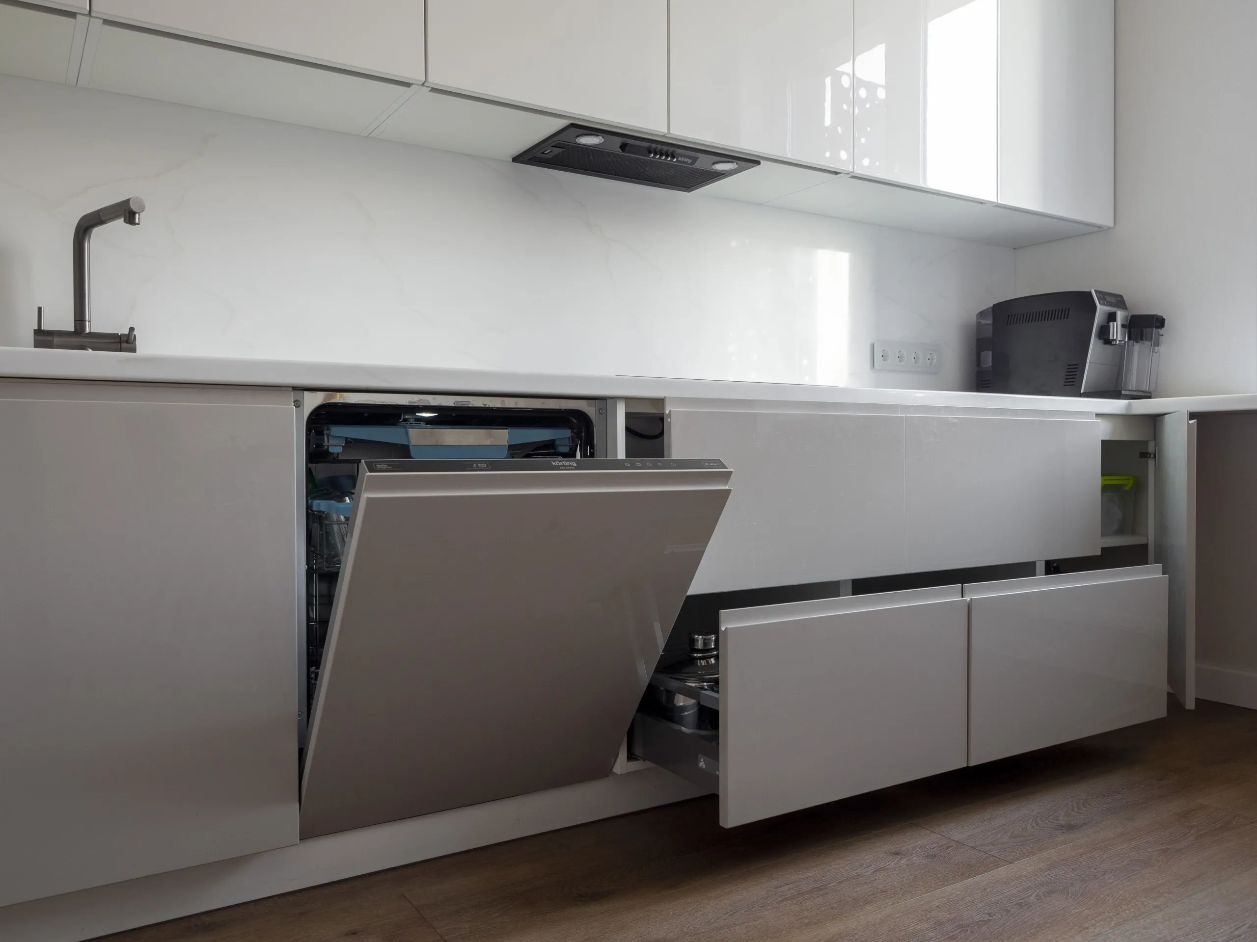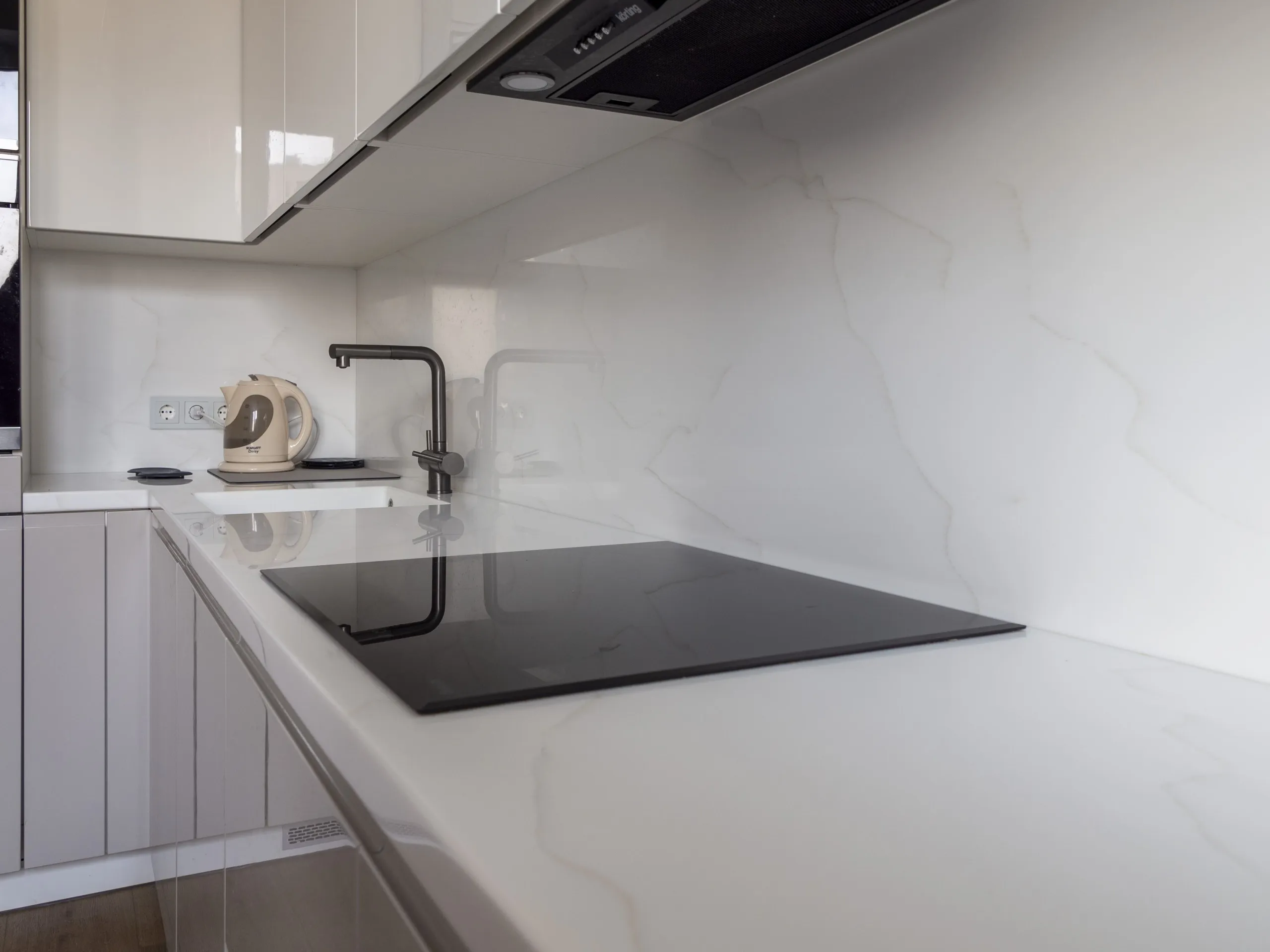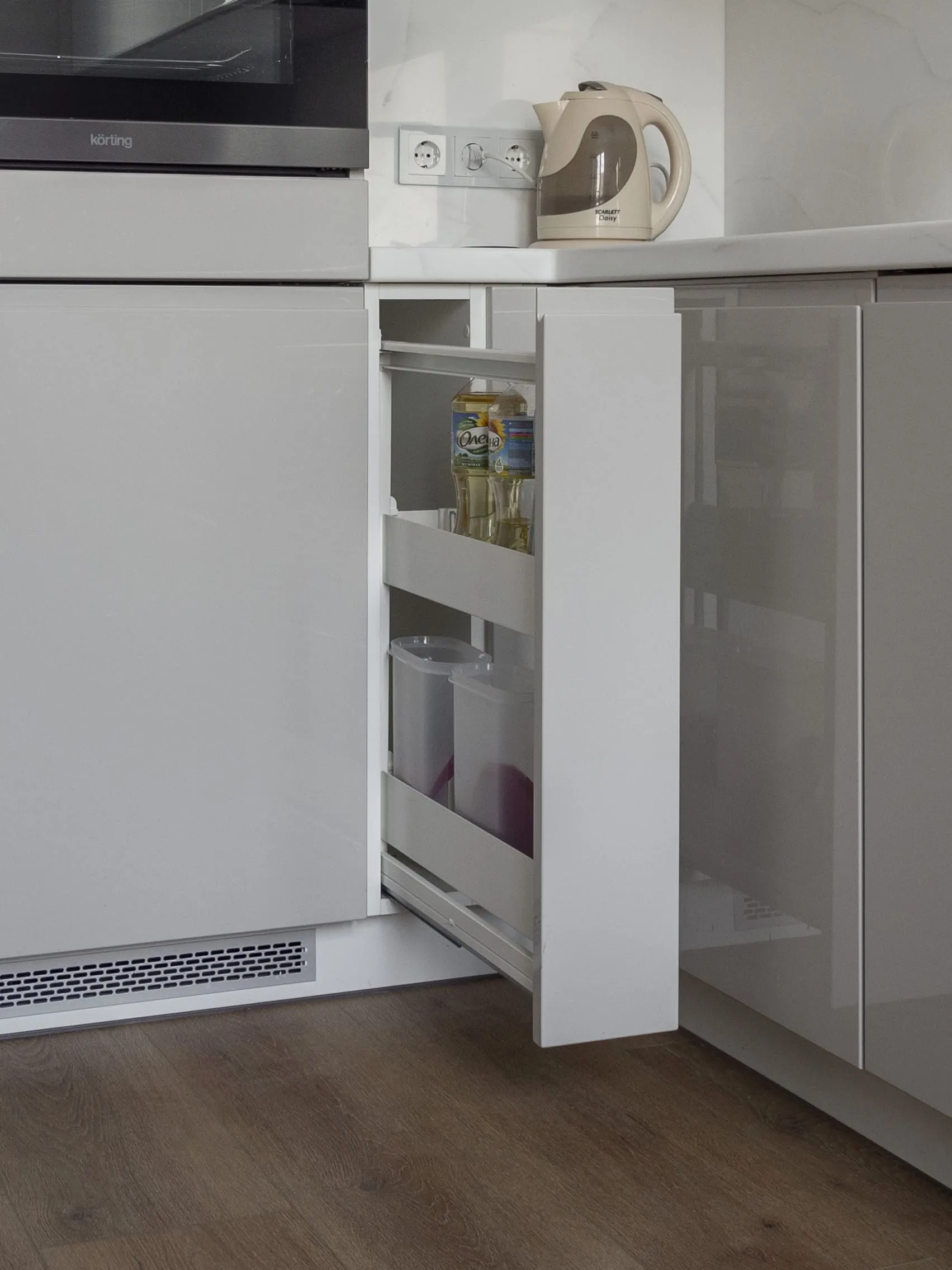 Техника: холодильник, СВЧ, электрический духовой шкаф, ПММ, морозильная камера, индукционная варочная панель, стиральная машина - KORTING, смеситель - EMAR
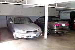 Underground gated parking, thank God. My Toyota Camry "Bluebelle" is on the left; Steve's Saab 9-5 convertible "Sven" is on the right. |
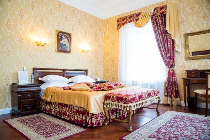 - Люкс – это красивейшие апартаменты с уникальным дизайном в стилистике русского дворянства 19 века. Мебель и убранство изготовлены из дорогостоящих натуральных материалов, поэтому при их порче вам придется выложить круглую сумму в счет компенсации за ущерб.
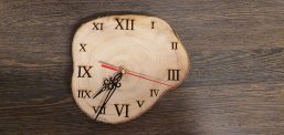 Ziffern wurden in eine Holzscheibe graviert. Anschließend wurde ein Uhrwerk verbaut und somit eine einzigartige Uhr gestaltet.
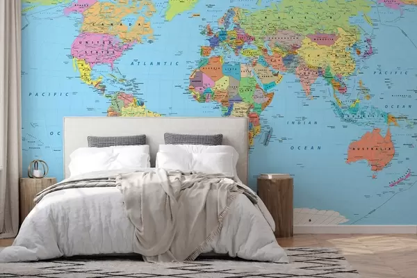 Valokuvatapetti Maailmankartta maiden lipuilla u60137

▸ PROBLEM DESCRIPTION: Copy the records above exactly, leaving out every picture.

▸ RESPONSE TO THE TASK:
 Техника: холодильник, СВЧ, электрический духовой шкаф, ПММ, морозильная камера, индукционная варочная панель, стиральная машина - KORTING, смеситель - EMAR
 Underground gated parking, thank God. My Toyota Camry "Bluebelle" is on the left; Steve's Saab 9-5 convertible "Sven" is on the right. |
 - Люкс – это красивейшие апартаменты с уникальным дизайном в стилистике русского дворянства 19 века. Мебель и убранство изготовлены из дорогостоящих натуральных материалов, поэтому при их порче вам придется выложить круглую сумму в счет компенсации за ущерб.
 Ziffern wurden in eine Holzscheibe graviert. Anschließend wurde ein Uhrwerk verbaut und somit eine einzigartige Uhr gestaltet.
 Valokuvatapetti Maailmankartta maiden lipuilla u60137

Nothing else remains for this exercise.